ChatGPT is launched in late 2022, and the demand for AI training skyrockets. AI made GPU more important to carry out in parallel MatMuls (Matrix Multiplication), the basic operation in neural networks, optimizing throughput. CPUs are optimized for latency and code with branching, so they were less important. GPUs further optimized MatMul with Tensor cores. But still Internet traffic had to be served. CPUs split in two categories:

Head nodes: they manage GPUs and fed them data. This requires high single-thread performance, with large caches and high bandwidth for memory and I/O. Dedicated CPUs for head nodes are created, such as Nvidia's Grace, with coherent memory access so that GPUs can use CPU memory for KV caches (part of LLMs). 1 CPU usually paired with 2 to 8 GPUs in each node.
Cloud-native CPUs: optimized to serve Internet requests efficiently (with low throughput per Watt). Examples of substituing Intel Xeon with AMD EPYC or AWS Graviton, which are more efficient and cheaper. They have higheer number of cores, and less cache and I/O bandwidth compared to traditional CPUs.

2025-2026: the RL and agentic era. CPUs are needed again to process the GPU generated data. Example: Microsoft's Fairwater datacenters for OpenAI, with 1 CPU Watt per 6 GPUs Watt approximately. CPUs used in pretraining and fine-tuning to process and fed data to the GPUs.
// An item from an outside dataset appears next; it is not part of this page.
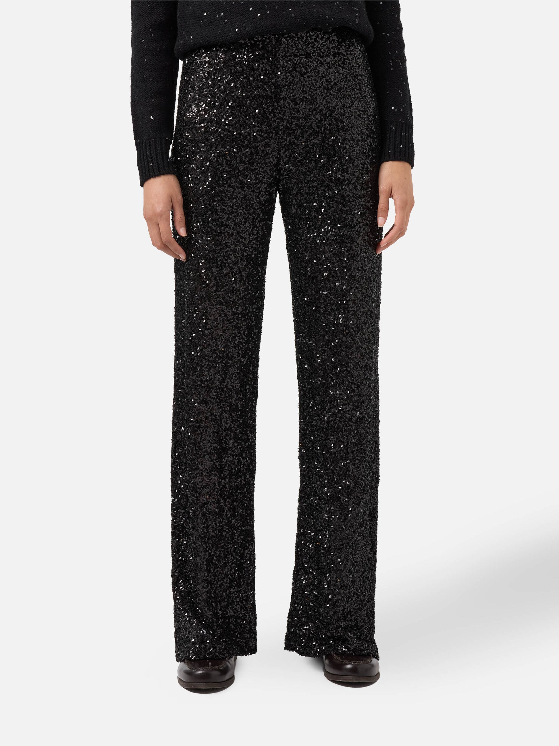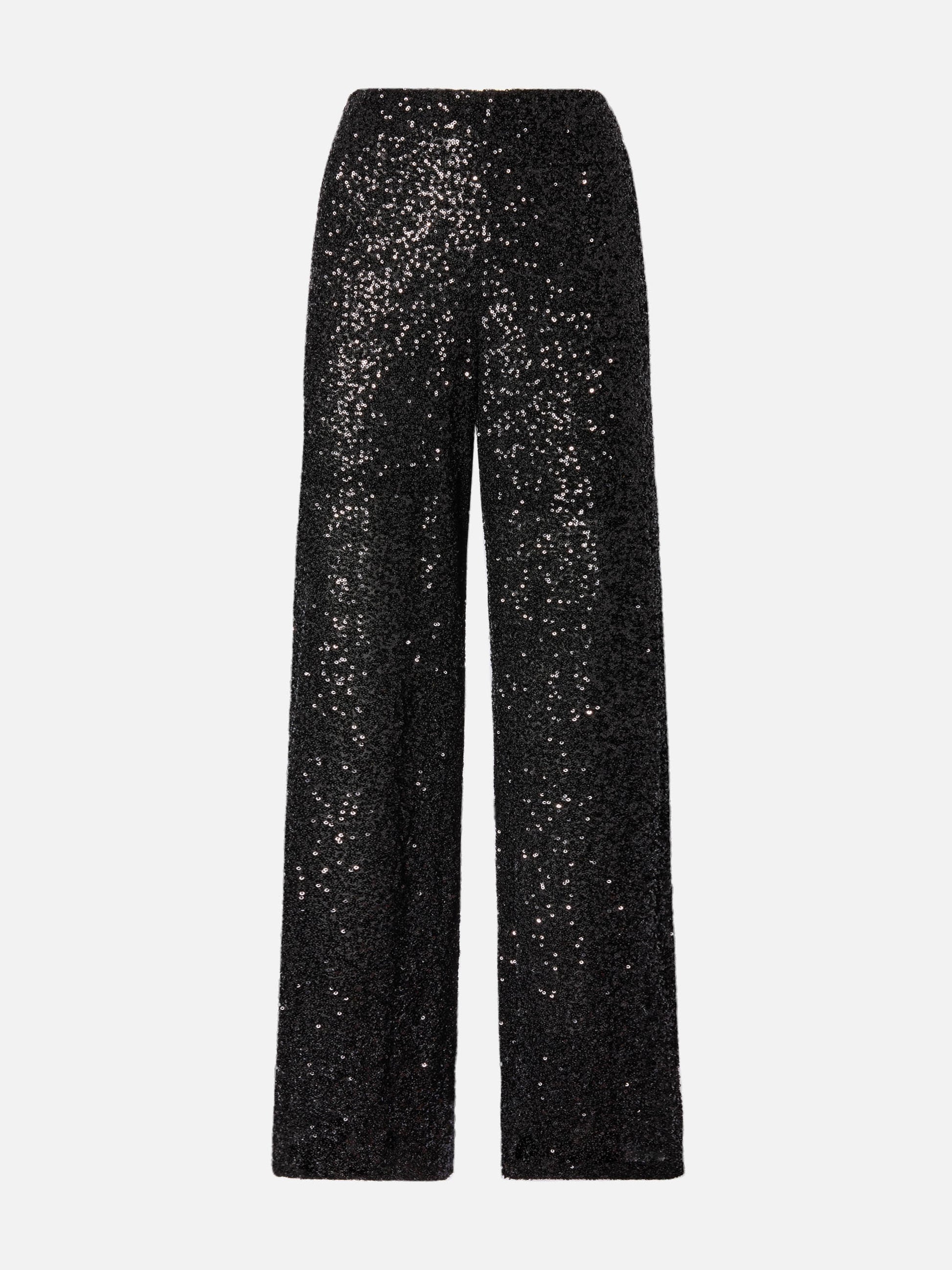 Lucette Hose mit geradem Bein aus schwarzem Paillettenstoff
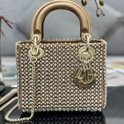 Lady Dior three-frame embroidery full of diamonds in gold, with imported lamb tendon inside, sparkling, crafted with gold embroidery fabric,

They are also used in multimodal models for image and video processing, although GPUs are integrating more and more specialized cores for accelerating these workloads. Also, CPUs are used for Reinforcement Learning (RL), where the CPU has to execute the actions (e.g., compilation in training for vibe coding) indicated by the model (which runs in the GPU) and compute the reward, without making the GPU wait. New bottleneck appears because GPUs improve in Performance per Watt faster than CPUs, so more and more CPU cores are needed to keep up with the GPU performance.

Also, RAG (Retrieval Augmented Generation) and agents are making CPUs more important because they handle this workload.

Demmand for CPUs and memory is rising. Intel has even seen depletion of their CPU inventory.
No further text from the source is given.